(Exercise) With the images removed, repeat the data below exactly.
Start of The data
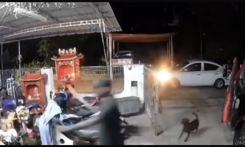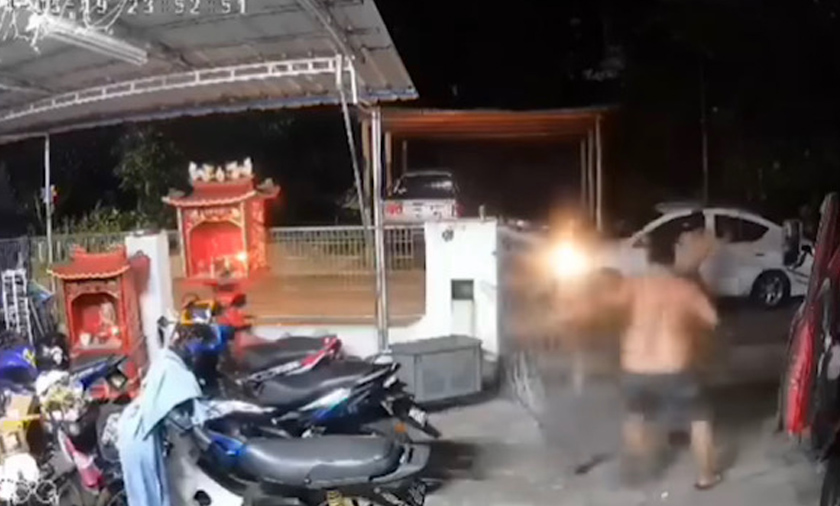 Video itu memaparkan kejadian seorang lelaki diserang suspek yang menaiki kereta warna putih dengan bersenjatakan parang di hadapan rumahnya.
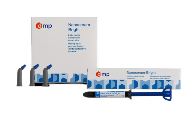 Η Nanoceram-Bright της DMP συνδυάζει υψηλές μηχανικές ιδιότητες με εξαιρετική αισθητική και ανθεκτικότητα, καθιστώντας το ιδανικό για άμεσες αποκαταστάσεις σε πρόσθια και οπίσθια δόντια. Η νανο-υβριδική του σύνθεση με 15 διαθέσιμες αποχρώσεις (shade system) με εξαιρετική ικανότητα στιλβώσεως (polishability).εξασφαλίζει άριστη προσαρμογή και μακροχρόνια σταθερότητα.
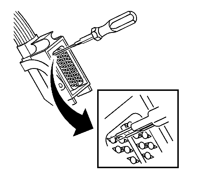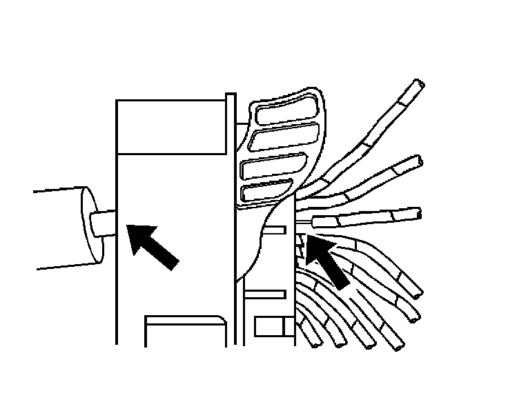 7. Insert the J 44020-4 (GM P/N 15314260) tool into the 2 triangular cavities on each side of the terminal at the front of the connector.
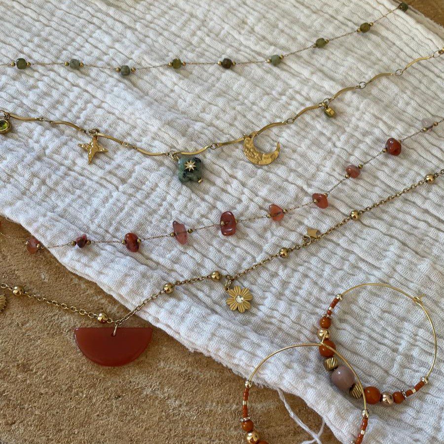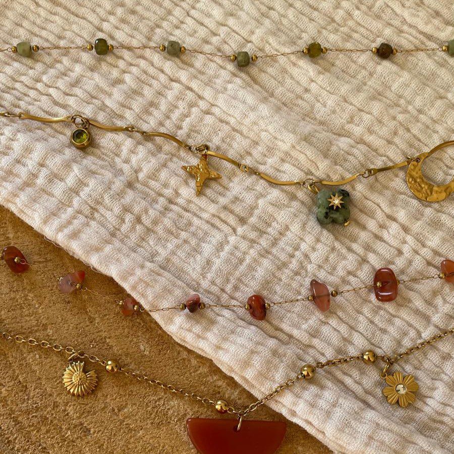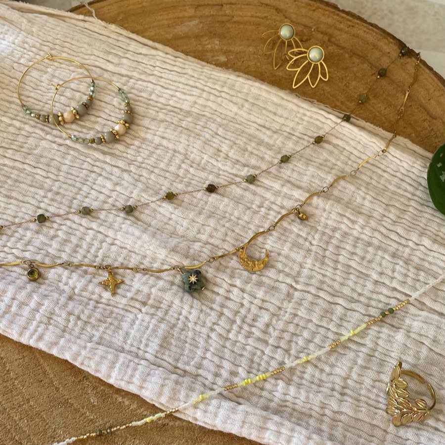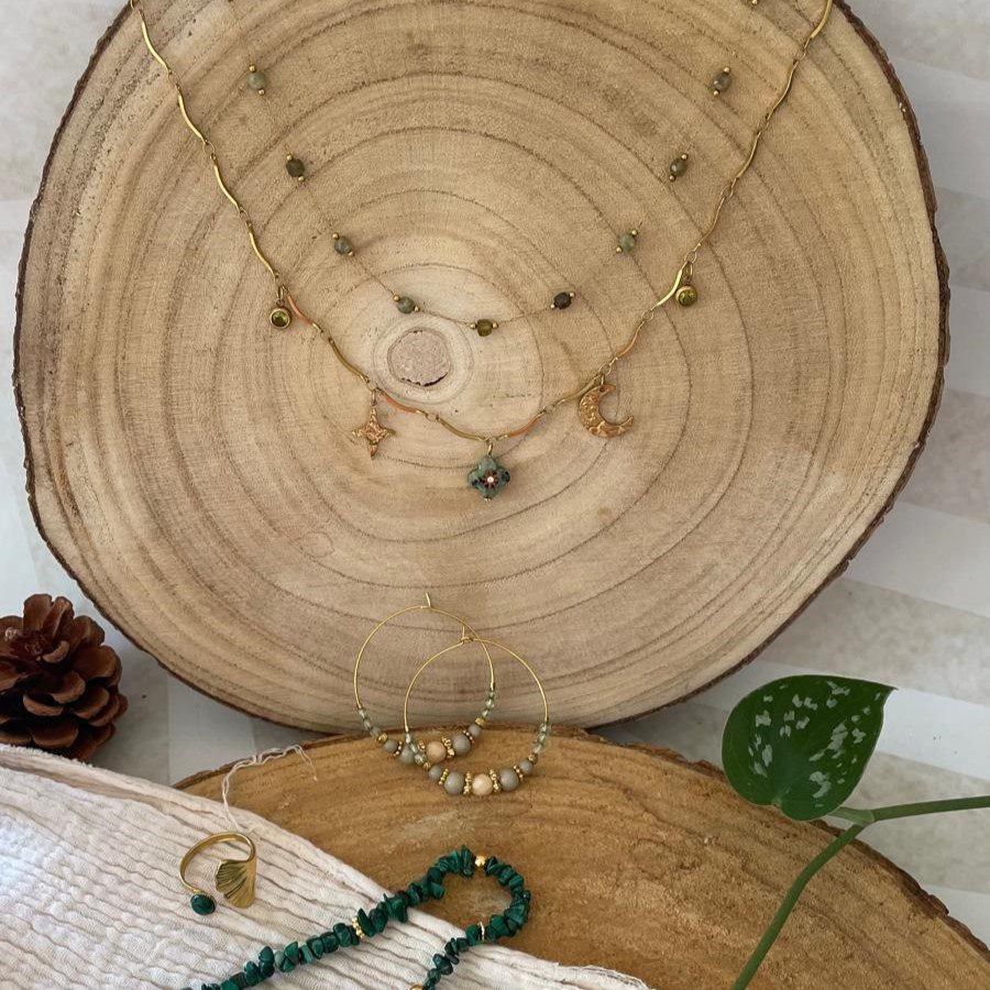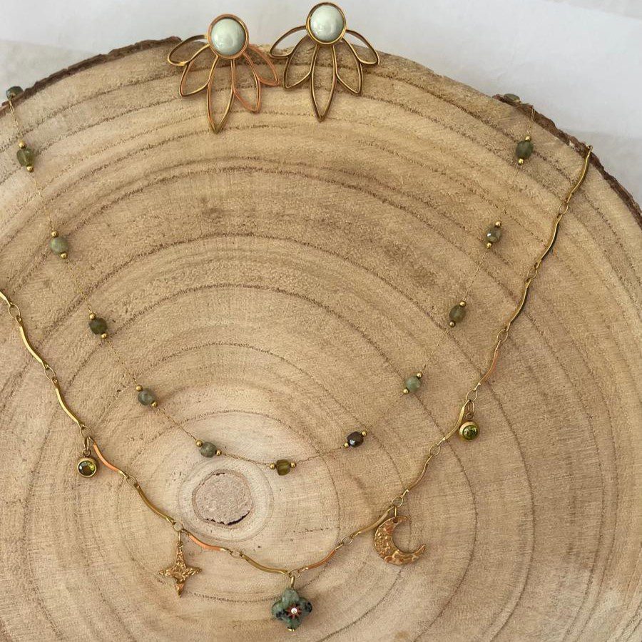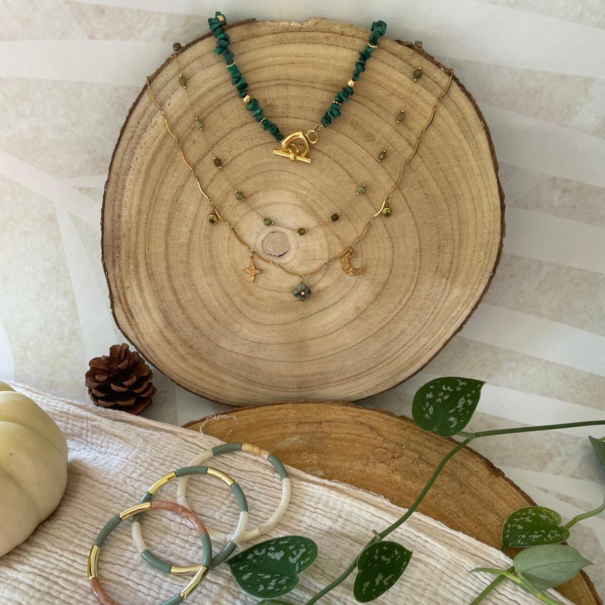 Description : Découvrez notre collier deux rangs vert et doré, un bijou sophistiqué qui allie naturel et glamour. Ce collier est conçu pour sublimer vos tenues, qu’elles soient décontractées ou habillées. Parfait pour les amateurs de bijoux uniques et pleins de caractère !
End of The data
(Exercise response)
 Video itu memaparkan kejadian seorang lelaki diserang suspek yang menaiki kereta warna putih dengan bersenjatakan parang di hadapan rumahnya.
 Η Nanoceram-Bright της DMP συνδυάζει υψηλές μηχανικές ιδιότητες με εξαιρετική αισθητική και ανθεκτικότητα, καθιστώντας το ιδανικό για άμεσες αποκαταστάσεις σε πρόσθια και οπίσθια δόντια. Η νανο-υβριδική του σύνθεση με 15 διαθέσιμες αποχρώσεις (shade system) με εξαιρετική ικανότητα στιλβώσεως (polishability).εξασφαλίζει άριστη προσαρμογή και μακροχρόνια σταθερότητα.
 7. Insert the J 44020-4 (GM P/N 15314260) tool into the 2 triangular cavities on each side of the terminal at the front of the connector.
 Description : Découvrez notre collier deux rangs vert et doré, un bijou sophistiqué qui allie naturel et glamour. Ce collier est conçu pour sublimer vos tenues, qu’elles soient décontractées ou habillées. Parfait pour les amateurs de bijoux uniques et pleins de caractère !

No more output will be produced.